▶ _Instructions to follow_: The response is to be the full listing, set down exactly.

▶ _Data below_:
***

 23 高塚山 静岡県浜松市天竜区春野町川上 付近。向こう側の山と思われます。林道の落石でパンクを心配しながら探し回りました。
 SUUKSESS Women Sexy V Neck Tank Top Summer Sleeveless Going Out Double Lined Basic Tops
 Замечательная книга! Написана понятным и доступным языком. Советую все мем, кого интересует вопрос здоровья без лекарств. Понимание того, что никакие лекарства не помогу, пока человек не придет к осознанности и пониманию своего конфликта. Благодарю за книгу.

***

▶ _Exercise result_:
 23 高塚山 静岡県浜松市天竜区春野町川上 付近。向こう側の山と思われます。林道の落石でパンクを心配しながら探し回りました。
 SUUKSESS Women Sexy V Neck Tank Top Summer Sleeveless Going Out Double Lined Basic Tops
 Замечательная книга! Написана понятным и доступным языком. Советую все мем, кого интересует вопрос здоровья без лекарств. Понимание того, что никакие лекарства не помогу, пока человек не придет к осознанности и пониманию своего конфликта. Благодарю за книгу.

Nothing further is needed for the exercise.